Alpargatas sold a total of 60,993,000 pairs of sandals, 5.8 percent more than in the year-ago quarter. Volumes gained 9.0 percent to 52,273,000 pairs in Brazil, driven by purchases via the indirect wholesale and distributor channels to replace inventories liquidated through high sell-out rates. However, volumes dropped by 10.2 percent to 8,720,000 pairs in other markets due to the impact of lower sales to countries that restrict imports or the remittance of funds. In the U.S., the company said, major customers postponed their purchases to the second quarter.
In the sporting goods and textiles segment, which includes the company's licenses for the Mizuno and Timberland brands, the company sold 2,124,000 pairs of shoes, down by 25.5 percent on the first quarter of 2015, with big drops in Brazil as well as Argentina. Apparel sales decreased by 13.7 percent, although the company sold 15.3 percent more pieces of apparel.
In Brazil, the decrease in footwear sales was felt more by Mizuno, due to the fact that discounts that had been granted in the first three months of 2015 made this quarter comparatively stronger than the first quarter of 2016. On the other hand, price increases initiated by Alpargatas to improve margins were not followed by the competition.
In Argentina, the drop in footwear sales was concentrated on the Rueda brand. The volume of Topper shoes sold by the Argentinian operations declined by 19 percent, partly because of lower exports to other Latin American countries.
As previously reported, Alpargatas has decided to manufacture some models of Mizuno shoes in Brazil because of the high cost of imports due to the devaluation of the real, compounded by the anti-dumping duties on shoes imported from China.
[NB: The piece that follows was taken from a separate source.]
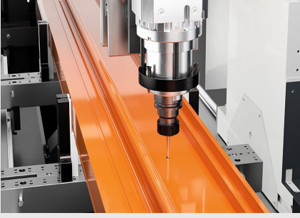
Profil İşleme Merkezi SBZ 141
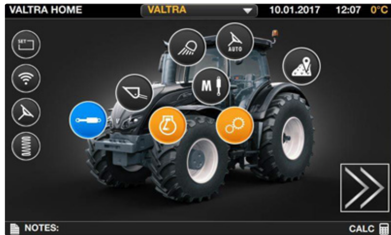
Menú muy fácil de navegar.

At the end of the first quarter, the first five models were being produced at the company's Santa Rita plant in the state of Paraiba.
The group had 691 stores in operation in Brazil and the rest of the world at the end of the quarter, up from 673 at the same time last year. All of them recorded higher sales on a same-store basis except its own and franchised Timberland shops, which registered a drop of 8.4 percent due to weaker demand. Sales at Havaianas stores, including its franchises in Brazil, went up by 18.2 percent because of higher sales of closed shoes and higher average prices. Havaianas sandals are now sold at 545 single-brand stores, up from 520 in the year-ago quarter.Alpargatas' gross margin improved by 2.8 percentage points to 48.1 percent, and the best score was achieved by the international sandals operations, where it grew by 4.4 points to 70.0 percent. It helped these operations reach an operating (Ebitda) margin of 36.7 percent, up by 2.9 percentage points from the year-ago period.
In Argentina, where Alpargatas operates mainly through the Topper brand, profit margins increased due to improved pricing management and higher productivity in operational expenses. The gross margin gained 3.4 percentage points to 31.6 percent, while the Ebitda margin rose by 2.6 percentage points to 14.7 percent. The situation was different in Brazil, where the gross margin edged up by 0.3 percentage points to 44.7 percent in the quarter, while the Ebitda margin lost 1.3 percentage points to 13.2 percent.
The net income of the company, which changed ownership recently as we have previously reported, jumped by 15.3 percent to R$118.4 million (€29.4m-$33.0m) in the quarter, thus delivering a net margin up by 0.6 percentage points to a nice level of 11.7 percent.